Option Value Purpose
wave False Disables Wave, as it's not required for plain S3 storage
fusion-v2 False Disables Fusion V2, as we're using standard S3 storage
fast-storage False Disables the use of fast instance storage, as we're relying on an EBS volume
no-ebs-auto-scale False Allows for EBS auto-scaling, which can be beneficial when not using Fusion V2
provisioning-model "SPOT" Selects cost-effective spot pricing model
instance-types "c6i,m6i,r6i" Selects 6th generation Intel instance types without local storage
max-cpus 1000 Sets maximum number of CPUs for this compute environment
ebs-blocksize 150 Sets the initial EBS block size to 150 GB, providing additional storage for compute instances

These options ensure your plain S3 compute environment is optimized for performance and cost-effectiveness, providing a baseline for comparison with Fusion V2 performance.

Usage

To fill in the details for each of the compute environments:

  1. Navigate to the /compute-envs directory.

  2. Open the desired YAML file (aws_fusion_nvme.yml or aws_plain_s3.yml) in a text editor.

  3. Review the details for each file.

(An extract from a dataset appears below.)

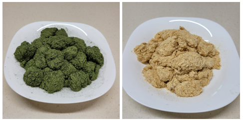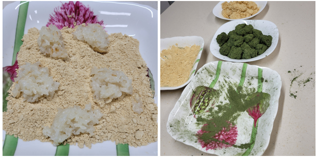 다지은 찹쌀밥을 적당히 짓이겨 놓고 조금씩 떼서 쑥가루와 콩가루를 묻혔다.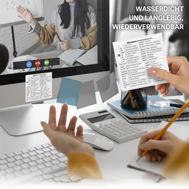 Vanntett og langvarig: Disse tyske Excel-snarveisklistremerkene er laget av høykvalitets PVC-materiale og er konstruert for å tåle daglig bruk og motstå slitasje. Den vanntette designen sikrer at klistremerkene forblir intakte selv når de utsettes for søl eller fuktighet, noe som gir langvarig ytelse og pålitelighet. Kompatibel med MAC OS, WINDOWS og EXCEL, disse klistremerkene er en praktisk og kostnadseffektiv løsning for alle som ønsker å forbedre sine Excel-ferdigheter. Den sterke selvklebende baksiden sikrer at klistremerkene holder seg sikkert på plass, mens den lett å rengjøre overflaten opprettholder et profesjonelt utseende. Invester i disse vanntette og langvarige snarveisklistremerkene og nyt mange års forbedret Excel-produktivitet.

If you need to add:

  4. Save the changes to each file.

  5. Use these YAML files to create the compute environments in the Seqera Platform through seqerakit with the following commands.

    To create the Fusion V2 compute environment:

    seqerakit aws_fusion_nvme.yml

    To create the plain S3 compute environment:

    seqerakit aws_plain_s3.yml
  6. Confirm your Compute Environments have been successfully created in the workspace and show a status of 'AVAILABLE' indicating they are ready for use.

Appendix

Labels

Labels are name=value pairs that can be used to organize and categorize your AWS resources. In the context of our compute environments, labels can be useful for cost tracking and resource management.

We will additionally use process-level labels for further granularity, this is described in the 03_setup_pipelines section.

To add labels to your compute environment:

  1. In the YAML file, locate the labels field.
  2. Add your desired labels as a comma-separated list of key-value pairs. We have pre-populated this with the storage=fusion|plains3 and project=benchmarking labels for better organization.

Networking

If your compute environments require custom networking setup using a custom VPC, subnets, and security groups, these can be added as additional YAML fields.

To add networking details to your compute environment:

  1. In the YAML files for both Fusion V2 and Plain S3, add the following fields, replacing the values with your networking details:
    subnets: "subnet-aaaabbbbccccdddd1,subnet-aaaabbbbccccdddd2,subnet-aaaabbbbccccdddd3"
    vpc-id: "vpc-aaaabbbbccccdddd"
    security-groups: "sg-aaaabbbbccccdddd"

Note: The values for your subnets, vpc-id and security groups must be a comma-separated string as shown above.

  1. Save your file and create your Compute Environments.